I also have 3 kids so I can't do two weight workouts per week.

Therefore, I "lift weights" for two hours each week, the first 45 minutes of which is a fairly intense and comprehensive lead-up to two (yes, just two) sets of squats, followed by the rest of my leg/back exercises, then 15 minutes of upper body prehab/stretching/warmup and 30 mins of actual lifting.

So yeah - 25 and no kids ? By all means, enjoy your hour long workout :)


"Intense" here means lifting weights close to the maximum you can lift for certain number of repetitions. This kind of workout can easily take 1.5 to 2 hours, and IMHO qualifies as intense.


If you are actually following set, repetition and rest period guidelines it should probably take quite a bit less, depending on how many exercises you can fit in. Since I never seem to be able to hit the 30 second rest period between sets, and I can't always get to the machine I want immediately after my last exercise because it's in use, I always seemed to average 10-15 minutes an exercise. I haven't been to the gym in months though. :/


3-5 minute rest periods are not unusual at heavy weights, although I personally try to keep it to two minutes to save time. With warm-up sets and some waiting for equipment I often find myself spending 1.5 hours at the gym. Super setting would help a lot but it's impractical at most gyms :(


That's great advice, but it's a pretty big task for someone who might not get a lot of exercise to do 2 hours of intense weightlifting. I lift regularly, and my gym sessions only take an hour.

The good news is that if you are sedentary, older, or sedentary and older, even a little bit of exercise will be extremely effective. Go for that long walk, or maybe a shorter jog, and do some pushups and un-weighted squats. You'll be exhausted, and you'll be less likely to injure yourself. :)


I've been doing Stronglifts 5x5 for the last couple of weeks. You do 3 sessions of 30 minute duration a week.

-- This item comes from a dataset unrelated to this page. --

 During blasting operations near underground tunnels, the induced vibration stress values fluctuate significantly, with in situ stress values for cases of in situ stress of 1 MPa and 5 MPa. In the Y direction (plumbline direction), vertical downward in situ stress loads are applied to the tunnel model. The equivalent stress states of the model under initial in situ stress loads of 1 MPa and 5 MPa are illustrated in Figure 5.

30 minutes? How come? You take a at least 1.5 minute break between every set. So for 5 sets of first exercise that's 7.5 minutes assuming you don't take longer breaks and that you didn't do any warmup and just went straight for proper weights. Now add exercise itself and it's easily 9 minutes. Times three (again, assuming you don't take longer breaks which is really hard to do when you start hitting heavier weights) and it's 27 minutes. Add warmup and stretching and it's easily around 40 minutes. I think my fastest stronglift session was around 50-60 minutes. The longest was easily over 2 hours. When I started hitting squats with weights around 1.4 my body mass just warmups and proper sets were 50 minutes in itself. That was about 11 sets of squats with some breaks being 3-5 minutes ones.

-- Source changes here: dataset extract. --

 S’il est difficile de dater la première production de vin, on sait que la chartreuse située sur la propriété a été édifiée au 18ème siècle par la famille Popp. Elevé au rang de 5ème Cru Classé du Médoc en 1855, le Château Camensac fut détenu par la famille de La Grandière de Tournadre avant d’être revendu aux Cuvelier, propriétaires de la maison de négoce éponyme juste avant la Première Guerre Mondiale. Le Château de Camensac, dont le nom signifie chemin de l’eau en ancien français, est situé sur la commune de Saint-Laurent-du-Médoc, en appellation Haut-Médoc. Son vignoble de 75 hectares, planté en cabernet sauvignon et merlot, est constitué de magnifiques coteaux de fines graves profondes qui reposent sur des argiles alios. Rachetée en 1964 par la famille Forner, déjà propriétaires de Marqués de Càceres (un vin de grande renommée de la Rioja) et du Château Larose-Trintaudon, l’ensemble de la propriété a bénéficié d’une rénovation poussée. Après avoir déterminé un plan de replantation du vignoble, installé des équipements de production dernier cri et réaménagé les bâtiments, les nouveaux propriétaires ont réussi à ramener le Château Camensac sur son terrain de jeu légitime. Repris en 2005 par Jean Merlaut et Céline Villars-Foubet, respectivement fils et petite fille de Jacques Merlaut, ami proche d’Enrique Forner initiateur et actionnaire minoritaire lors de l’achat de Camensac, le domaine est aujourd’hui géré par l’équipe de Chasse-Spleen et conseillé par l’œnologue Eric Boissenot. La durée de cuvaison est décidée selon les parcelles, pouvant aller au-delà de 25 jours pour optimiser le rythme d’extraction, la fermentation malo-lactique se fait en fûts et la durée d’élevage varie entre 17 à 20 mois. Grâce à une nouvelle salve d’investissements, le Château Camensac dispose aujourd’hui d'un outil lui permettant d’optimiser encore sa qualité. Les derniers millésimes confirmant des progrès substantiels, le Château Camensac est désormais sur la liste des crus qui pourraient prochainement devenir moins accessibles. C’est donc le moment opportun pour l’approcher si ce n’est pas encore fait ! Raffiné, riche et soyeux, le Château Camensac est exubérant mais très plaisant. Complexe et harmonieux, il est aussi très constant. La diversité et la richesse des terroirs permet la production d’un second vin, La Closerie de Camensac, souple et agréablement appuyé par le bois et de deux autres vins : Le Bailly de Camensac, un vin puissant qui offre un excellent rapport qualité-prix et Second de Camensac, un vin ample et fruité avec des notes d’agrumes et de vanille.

I think six sets of warmup (for your 11 sets) are a bit too many. Three should be enough, and you don't need a real break between warmup sets. That should help cut down. Mehdi even recommends skipping breaks when switching exercises. Indeed, with 1.4 BW it will be tough. But that's what deweighs are for, and at that level, you'll be going into 3x5 soon.

Stronglifts is amazingly high impact for the time it takes.


If you didn't take a look at stronglifts, you should give a try. Actually, it's only one of a few beginner strength training (most focused to powerlifting, but you can mix with BB if you want to) available out there. I started lifting with stronglifts, today I do greyskull LP.


it's amazing there are fitness enthusiasts on the internet who still haven't heard of stronglifts.

also, i'm not sure if you're trolling us with your 11 sets of squats. are you serious? eleven sets?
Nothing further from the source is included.